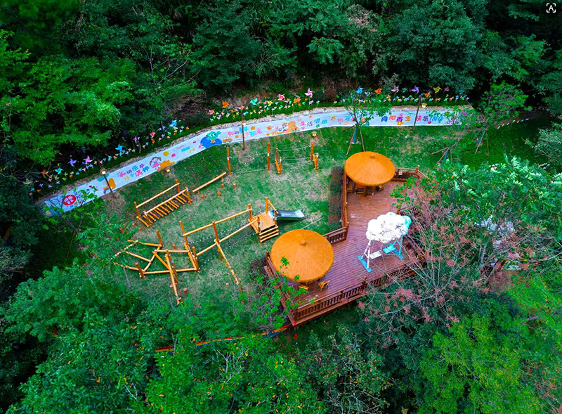 谷中并非只有石與水,更有古木與苔痕交織的幽微生機。自“孔雀瀑”上行,步道轉入名為“綠野仙蹤”的原始林帶。濃蔭蔽日,古木參天,樹齡480年的紫薇與680年的甜櫧交織成穹蓋,枝椏間垂下細長松蘿,風過時微微搖曳。林間鋪設木質平臺與樹屋,孩童的笑聲與鳥鳴相和,為清冷的初冬添了幾分暖意。更妙的是林中“尋羽門”—— 一座由七彩鵝卵石壘成的拱門,門后小徑通向幽深洞穴,傳說拾得洞中白羽者可獲“仙緣”。我卻在石徑旁停住:一株老樹根系從石縫間蜿蜒而出,緊緊“抱”住堅硬巖體,仿佛誓與石頭共存亡。它把根須扎進最貧瘠的縫隙,把軀干伸向最稀薄的光線,年復一年,把傷痕長成姿態。這樣的生命,與谷中石頭互為映照—— 一個柔韌,一個堅剛;一個向下生長,一個向上屹立。人與自然在此達成默契,彼此守望,彼此成全。
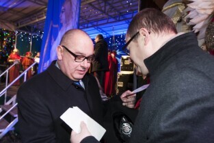 Gdańska Wigilia na Długim Targu, podczas której gdańszczanie wysłuchali życzeń i podzielili się opłatkiem. Nz. Radny Miasta Gdańska Grzegorz Strzelczyk dzieli się opłatkiem z mieszkańcami Gdańska
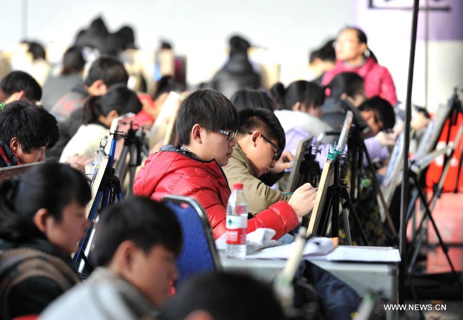 Candidates of Shandong University of Art and Desgin sit for painting examination at Jinan Shungeng International Exhibition Center in Jinan, capital of east China's Shandong Province, Feb. 20, 2013. More than 100,000 students applied for the entrance examination of China's art colleges in Shandong Province this year, up about 10 percent as compared to the number of last year. (Xinhua/Xu Suhui)
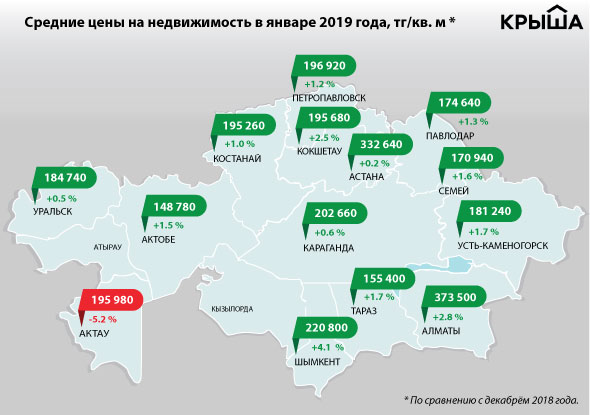 Городами, где относительно января 2018 года жилье подешевело, стали Актобе (-4 процента) и Актау (-8,8 процента).
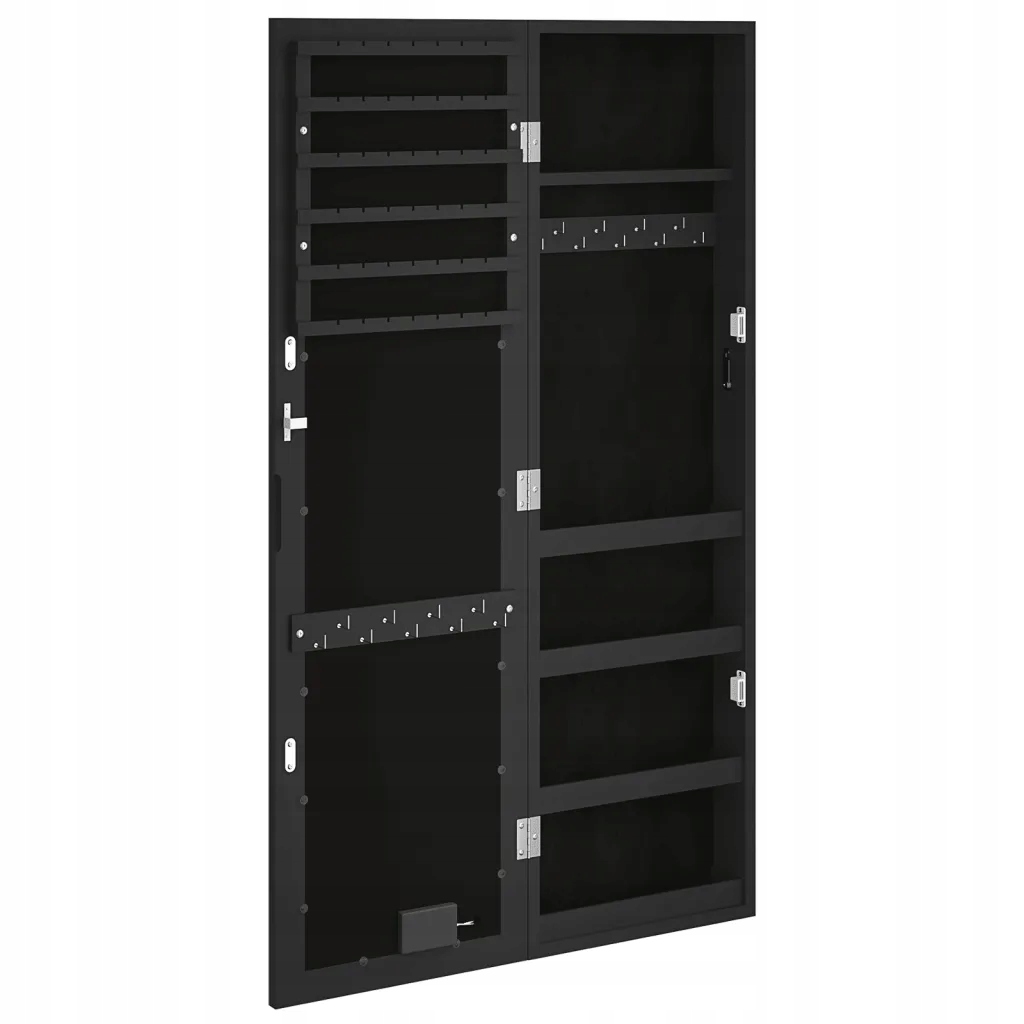 vidaXL Настенный шкаф для драгоценностей с зеркалом и светодиодной подсветкой, черный

* * * * * * *

## [What the task asks]
The material should be duplicated word for word, with no images included.

## [Response area]
 谷中并非只有石與水,更有古木與苔痕交織的幽微生機。自“孔雀瀑”上行,步道轉入名為“綠野仙蹤”的原始林帶。濃蔭蔽日,古木參天,樹齡480年的紫薇與680年的甜櫧交織成穹蓋,枝椏間垂下細長松蘿,風過時微微搖曳。林間鋪設木質平臺與樹屋,孩童的笑聲與鳥鳴相和,為清冷的初冬添了幾分暖意。更妙的是林中“尋羽門”—— 一座由七彩鵝卵石壘成的拱門,門后小徑通向幽深洞穴,傳說拾得洞中白羽者可獲“仙緣”。我卻在石徑旁停住:一株老樹根系從石縫間蜿蜒而出,緊緊“抱”住堅硬巖體,仿佛誓與石頭共存亡。它把根須扎進最貧瘠的縫隙,把軀干伸向最稀薄的光線,年復一年,把傷痕長成姿態。這樣的生命,與谷中石頭互為映照—— 一個柔韌,一個堅剛;一個向下生長,一個向上屹立。人與自然在此達成默契,彼此守望,彼此成全。
 Gdańska Wigilia na Długim Targu, podczas której gdańszczanie wysłuchali życzeń i podzielili się opłatkiem. Nz. Radny Miasta Gdańska Grzegorz Strzelczyk dzieli się opłatkiem z mieszkańcami Gdańska
 Candidates of Shandong University of Art and Desgin sit for painting examination at Jinan Shungeng International Exhibition Center in Jinan, capital of east China's Shandong Province, Feb. 20, 2013. More than 100,000 students applied for the entrance examination of China's art colleges in Shandong Province this year, up about 10 percent as compared to the number of last year. (Xinhua/Xu Suhui)
 Городами, где относительно января 2018 года жилье подешевело, стали Актобе (-4 процента) и Актау (-8,8 процента).
 vidaXL Настенный шкаф для драгоценностей с зеркалом и светодиодной подсветкой, черный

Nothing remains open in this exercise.